I must have answered something, but he paid me no attention. A man was lowering himself over the wall. With a bound, the sergeant buried the steel in his flesh. The man dropped to the ground, where he lay on his back, moaning and bleeding to death. I remembered the dog. To finish the man off once and for all, Chirino sank the bayonet in again.

‘You didn’t make it this time, Moreira,’ he said almost joyously.

From every side came uniformed men, who had surrounded the house, and then the neighbours. The sergeant had a struggle to pull out the bayonet. Everybody wanted to shake his hand.

‘The fancy footwork’s all over for this hoodlum,’ Rufino said with a laugh.

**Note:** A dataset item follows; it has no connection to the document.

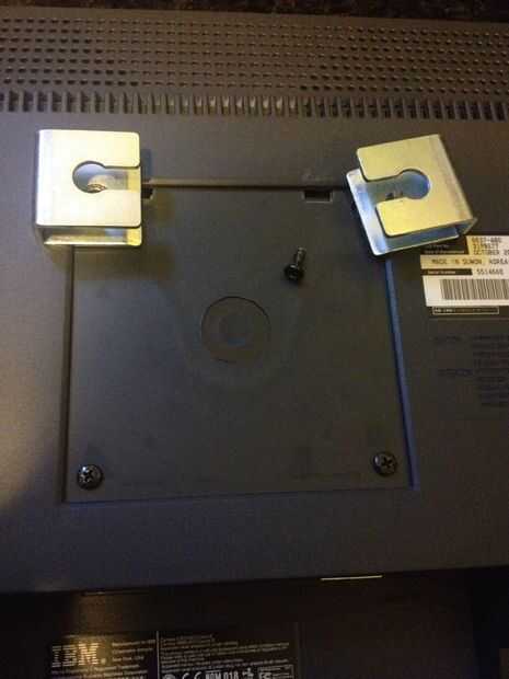 Con los tornillos existentes une los 'titulares de pierna Dresser' atornillándolas a través de los orificios de tornillo existentes de fábrica. Ajústelos con la abertura mirando hacia el interior para mantener al monitor de revestimiento de pared 'aparador pierna titulares' bruja se montará con la abertura hacia arriba.

I went from group to group, telling people what I had seen. Then, all at once, I felt very tired; maybe I was even feverish. Slipping away, I found Rufino and we started home. From our horses, we saw the pale dawn light. More than tired, I felt dazed by that torrent of events.

‘By the great river of that night,’ my father said when the man had finished.

‘That’s right,’ he agreed. ‘In the bare space of a few hours I had known love and had looked on death. All things are revealed to all men or, anyway, all those things it’s granted a man to know but to me two fundamental things were revealed in a single night. The years pass and I’ve told this story so many times I no longer know whether I remember it as it was or whether it’s only my words I’m remembering. Maybe the same thing happened to La Cautiva with her Indian raid. It doesn’t matter now whether it was I or someone else who saw Moreira killed.’